PROMPT. Nothing outside the stretch is wanted. Repeat exactly the lines of the listing below from the one that contains "Short video applications" through the one that contains "Estufa portatil de", both ends included.

TASK MATERIAL.

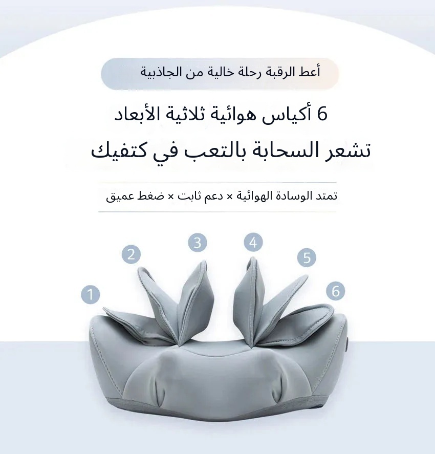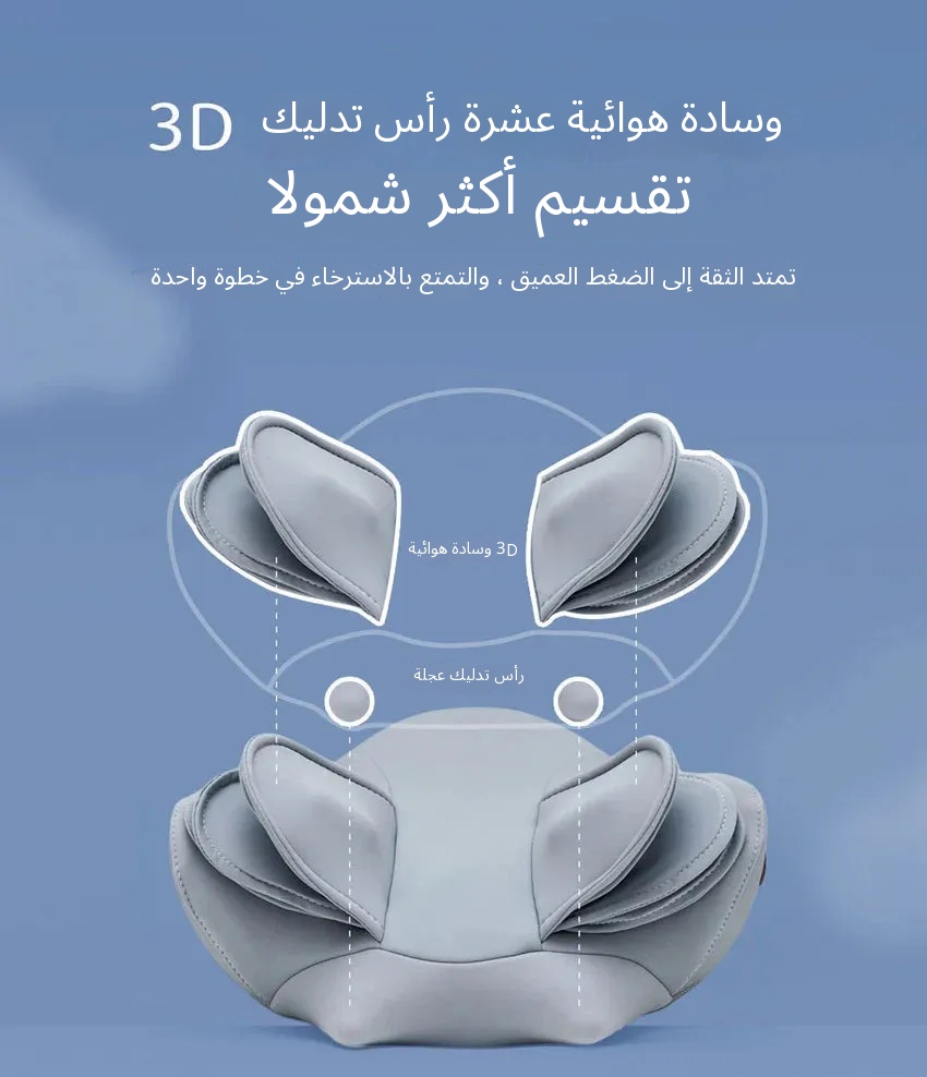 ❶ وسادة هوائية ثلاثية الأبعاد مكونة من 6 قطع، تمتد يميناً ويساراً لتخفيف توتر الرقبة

---

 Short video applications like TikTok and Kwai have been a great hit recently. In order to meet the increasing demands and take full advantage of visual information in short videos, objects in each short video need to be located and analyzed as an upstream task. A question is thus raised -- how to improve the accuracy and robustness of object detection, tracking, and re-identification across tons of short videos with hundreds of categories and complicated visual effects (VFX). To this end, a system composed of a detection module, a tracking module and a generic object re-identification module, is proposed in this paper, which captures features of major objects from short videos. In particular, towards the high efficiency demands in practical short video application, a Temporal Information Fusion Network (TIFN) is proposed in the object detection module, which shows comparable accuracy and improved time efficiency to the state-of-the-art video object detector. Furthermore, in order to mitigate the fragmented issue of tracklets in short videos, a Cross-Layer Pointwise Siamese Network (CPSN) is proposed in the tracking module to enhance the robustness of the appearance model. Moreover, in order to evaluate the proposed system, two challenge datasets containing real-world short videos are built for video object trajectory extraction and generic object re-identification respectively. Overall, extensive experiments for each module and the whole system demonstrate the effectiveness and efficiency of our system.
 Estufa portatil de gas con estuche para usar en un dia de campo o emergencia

REPLY.
 Short video applications like TikTok and Kwai have been a great hit recently. In order to meet the increasing demands and take full advantage of visual information in short videos, objects in each short video need to be located and analyzed as an upstream task. A question is thus raised -- how to improve the accuracy and robustness of object detection, tracking, and re-identification across tons of short videos with hundreds of categories and complicated visual effects (VFX). To this end, a system composed of a detection module, a tracking module and a generic object re-identification module, is proposed in this paper, which captures features of major objects from short videos. In particular, towards the high efficiency demands in practical short video application, a Temporal Information Fusion Network (TIFN) is proposed in the object detection module, which shows comparable accuracy and improved time efficiency to the state-of-the-art video object detector. Furthermore, in order to mitigate the fragmented issue of tracklets in short videos, a Cross-Layer Pointwise Siamese Network (CPSN) is proposed in the tracking module to enhance the robustness of the appearance model. Moreover, in order to evaluate the proposed system, two challenge datasets containing real-world short videos are built for video object trajectory extraction and generic object re-identification respectively. Overall, extensive experiments for each module and the whole system demonstrate the effectiveness and efficiency of our system.
 Estufa portatil de gas con estuche para usar en un dia de campo o emergencia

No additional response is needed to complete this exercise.